* _REQUIRED ACTION_:
Reproduce the data below word for word, setting aside any picture it holds.

* _DATA RECORDS_:
-----

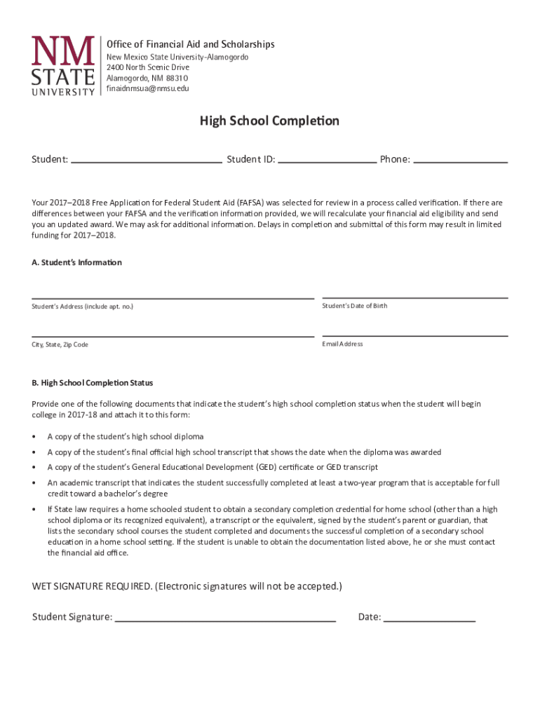 Office of Financial Aid and Scholarships New Mexico State University Alamogordo 2400 North Scenic Drive Alamogordo, NM 88310 finaidnmsua@nmsu.eduHigh School Completion Student:Student ID:Phone:Your
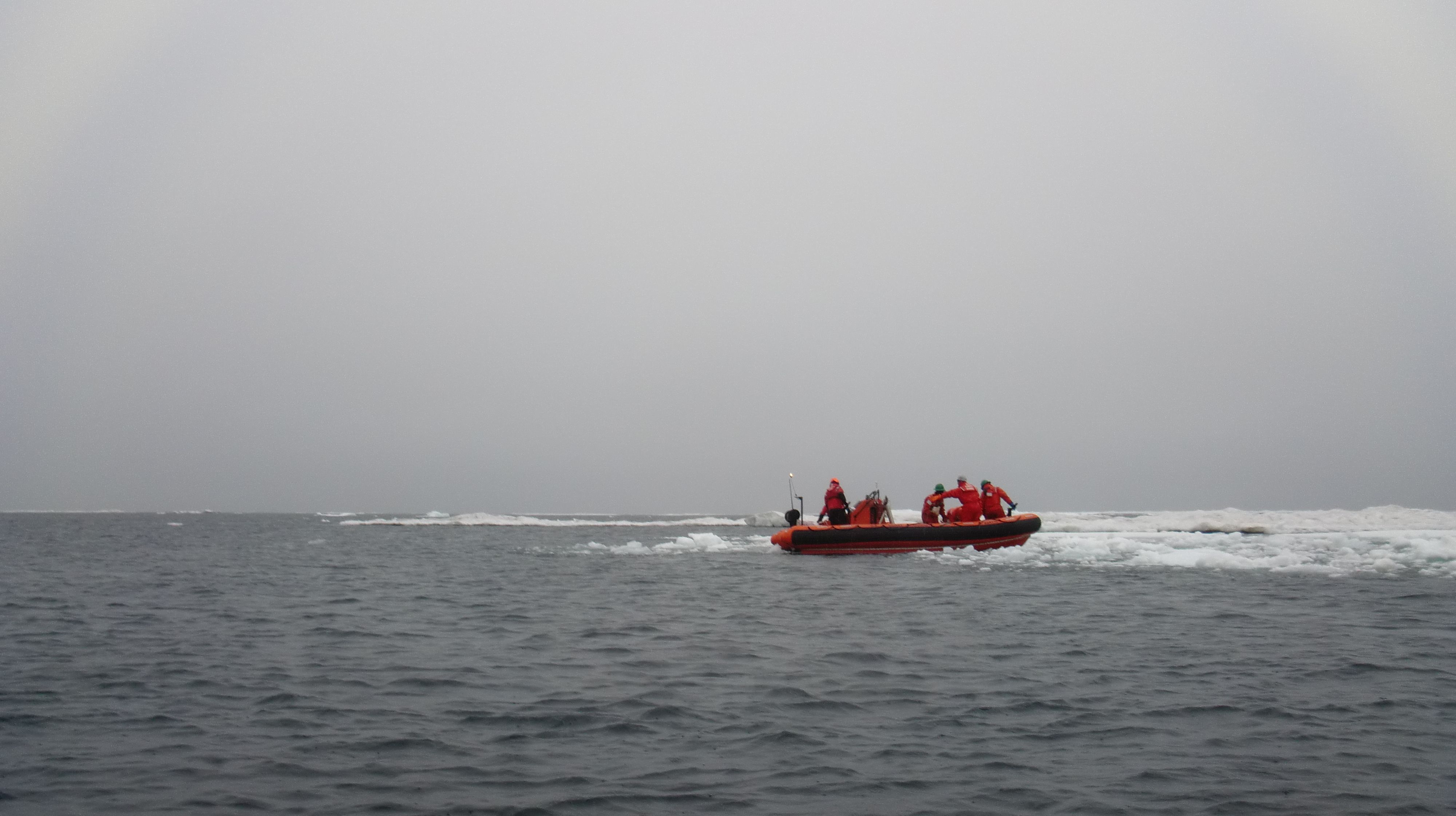 Team members ride a zodiac boat away from the USCGC Healy icebreaker on the Chukchi Sea.
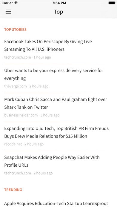 • Trending stories at the top of your feed
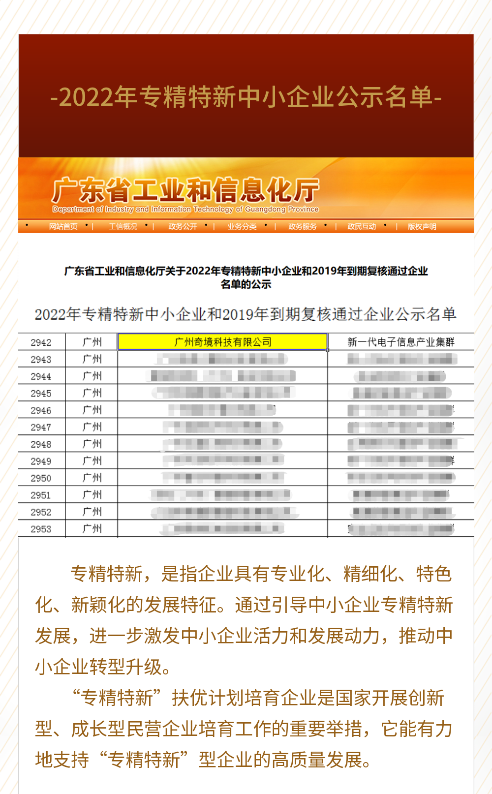 【公司新闻】热烈庆祝奇境科技成功入选“广东省专精特新中小企业”
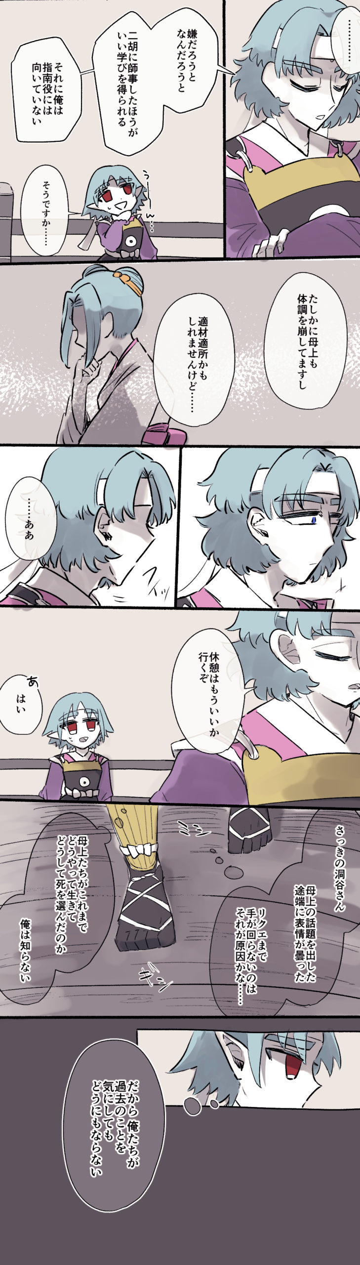 虹蛇はわりとドライというか冷静なタイプで、あんまり周りのじっとりした雰囲気にはのまれません。かといって乾燥剤のような存在というわけでもない(乾燥剤はどちらかというとイチイ)。感情のある補佐役みたいな……感じなのかな……

-----

* _ANSWER SECTION_:
 Office of Financial Aid and Scholarships New Mexico State University Alamogordo 2400 North Scenic Drive Alamogordo, NM 88310 finaidnmsua@nmsu.eduHigh School Completion Student:Student ID:Phone:Your
 Team members ride a zodiac boat away from the USCGC Healy icebreaker on the Chukchi Sea.
 • Trending stories at the top of your feed
 【公司新闻】热烈庆祝奇境科技成功入选“广东省专精特新中小企业”
 虹蛇はわりとドライというか冷静なタイプで、あんまり周りのじっとりした雰囲気にはのまれません。かといって乾燥剤のような存在というわけでもない(乾燥剤はどちらかというとイチイ)。感情のある補佐役みたいな……感じなのかな……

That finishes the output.